Défense aérienne et sol-air: le Conseil fédéral doit consulter la population

Le gouvernement pourrait ne pas soumettre l'acquisition de nouveaux avions de combat au référendum facultatif/obligatoire. Ce serait une grave erreur politique.
Grégoire Barbey

Le Conseil fédéral a annoncé mercredi 8 novembre sa décision de retenir la variante à 8 milliards de francs pour remplacer la flotte aérienne actuelle de l’armée suisse et se doter d’un nouveau système de défense sol-air. Sans contester la nécessité d’investir pour moderniser la défense de la Suisse, la communication du Conseil fédéral pose question. A ce stade, le gouvernement n’a pas encore arrêté le type de procédure qui sera adoptée pour se doter des moyens nécessaires à l’acquisition de ces nouveaux avions de combat et d’un système de défense sol-air.

Qu’est-ce cela veut dire, concrètement? Le Conseil fédéral a plusieurs options pour faire passer cette acquisition. Il peut effectuer cet achat au travers d’un arrêté de planification qui fixe le montant maximal de l’opération, lequel est soumis au référendum facultatif. Il peut aussi réviser la loi sur l’armée en précisant les moyens dévolus à la défense arienne, auquel cas le référendum facultatif serait envisageable.B

Le Conseil fédéral peut très bien faire voter les Suisses sur le choix du type d’avions, sans pour autant se prononcer sur le montant. Enfin, il peut aussi passer par une procédure qui ne permet tout simplement pas de référendum.

Dans la matinale de la RTS du 9 novembre, le conseiller fédéral Guy Parmelin, en charge de la Défense, a préféré rester évasif sur la question d’une consultation populaire, affirmant s’en remettre à la décision que prendrait le Conseil fédéral in corpore. Une manière de ne pas préciser sa pensée, et de ne pas voir sa stratégie désavouée par ses collègues a posteriori. Cb’est dans la droite ligne de la langue de bois habituelle adoptée par les membres du Conseil fédéral.

Pourtant, la position du Conseil fédéral aurait gagné à être claire dès le départ. Etant donné l’échec de l’acquisition des Gripen en 2014 – pour un montant de 3,1 milliards de francs, ne remplaçant qu’une partie de la flotte aérienne de l’armée –, l’opportunité de consulter ou non la population ne devrait même pas être débattue. Si l’achat du Gripen ne peut pas être totalement comparé à ce nouveau projet de modernisation de la défense aérienne et sol-air de la Suisse, le Conseil fédéral ainsi que l’armée se doivent de descendre dans l’arène du débat populaire pour défendre leurs vues.

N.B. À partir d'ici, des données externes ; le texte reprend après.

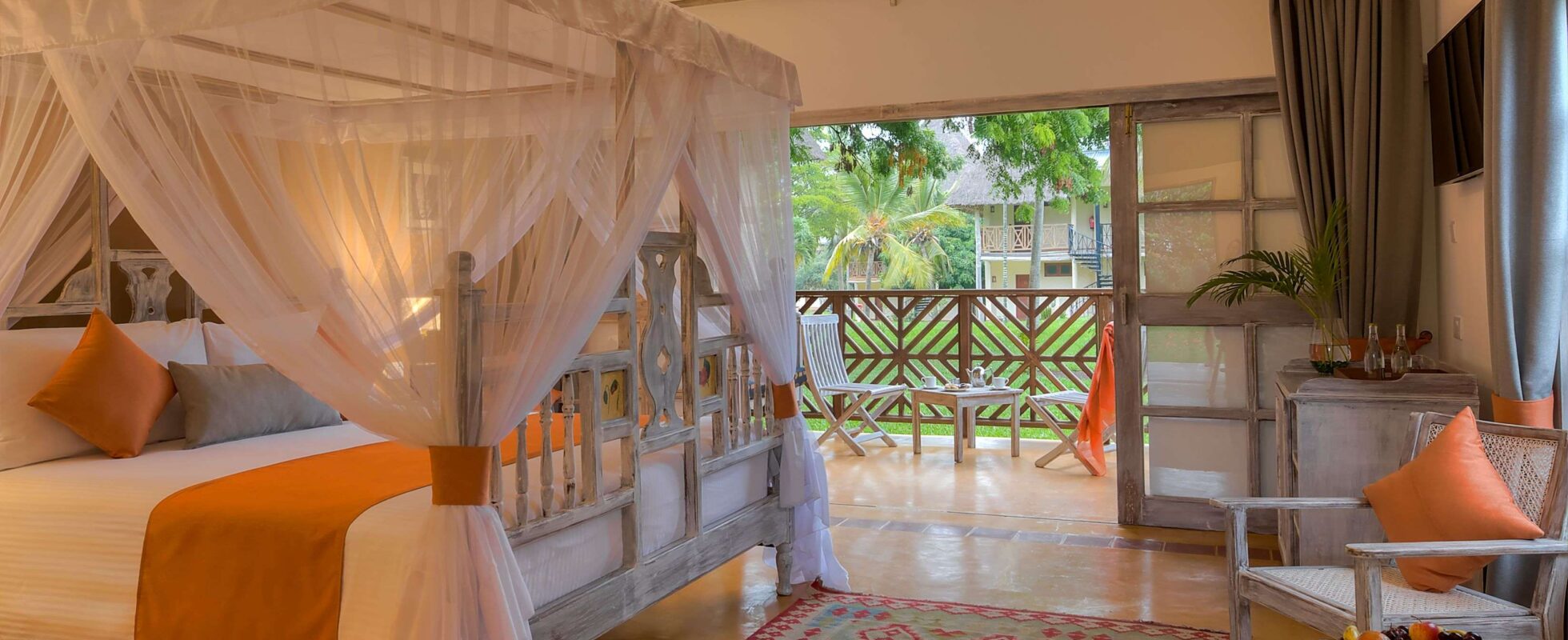Il bellissimo Neptune Palm Beach Boutique Resort è un piccolo resort boutique situato sulla spiaggia di Diani, a sud di Mombasa. Fa parte del gruppo Neptune Resorts. L’hotel dispone di sessanta camere spaziose, disposte quattro per bungalow, ciascuna con un tetto di palma che conferisce un’atmosfera tradizionale costiera. I pasti vengono serviti principalmente al ristorante Mnazi, dove la colazione, il pranzo e la cena a buffet a tema sono inclusi nel soggiorno. Per cambiare scenario, visita il Mawimbi Deck a bordo piscina, con vista sull’Oceano Indiano. La sera offre un menu à la carte con specialità come aragoste e gamberi, disponibili a un costo aggiuntivo. Il resort dispone anche di una spa, accesso diretto alla spiaggia, una piscina e due bar che servono bevande rinfrescanti tutto il giorno. Gli ospiti possono facilmente esplorare il vicino Neptune Village Beach Resort & Spa, che offre una varietà di attività e opzioni di intrattenimento. Nel complesso, è l’ambiente perfetto per rilassarsi e ricaricare le batterie o, se lo desideri, per goderti una giornata più attiva sull’acqua.
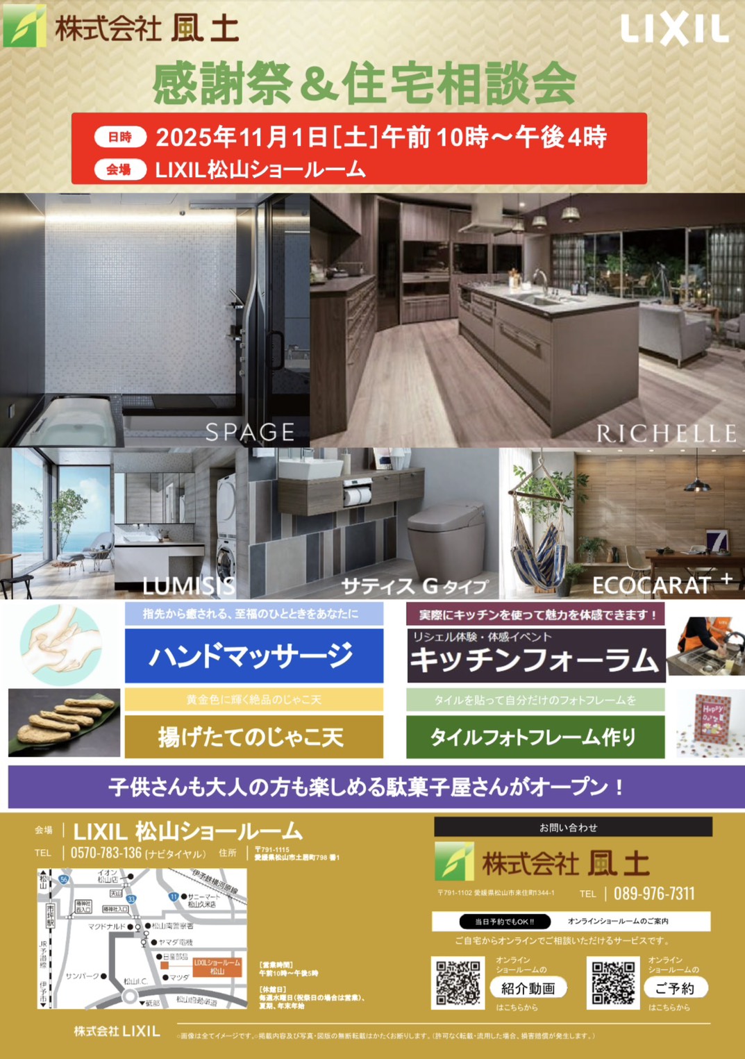 おうちづくりのハンドマッサージや揚げたてのじゃこ天、タイルフォトフレーム作りなど楽しい企画もたくさん!✨✨

Il en va de la crédibilité de l’action gouvernementale s’agissant de la défense helvétique. Non seulement, ne pas consulter la population sur ces questions stratégiques enverrait un message d’irresponsabilité aux citoyens – ceux-ci ne seraient pas habilités à se prononcer sur des questions aussi importantes –, mais en plus cela contribuerait à augmenter potentiellement la défiance d’une partie de la population à l’égard des autorités politiques et de l’armée elle-même.

Si le Conseil fédéral est convaincu par la pertinence de sa décision, alors il doit se donner les moyens d’en convaincre le corps électoral. Ce sera l’occasion, s’il obtient l’aval populaire, de refermer la parenthèse qui a conduit les Suisses à refuser l’acquisition du Gripen et à ouvrir une période d’incertitude en matière de soutien populaire envers l’armée et la stratégie de défense du Conseil fédéral. Pour toutes ces raisons, le gouvernement doit rapidement annoncer son intention de consulter les Suisses sur son choix. Il en va de la crédibilité de son action.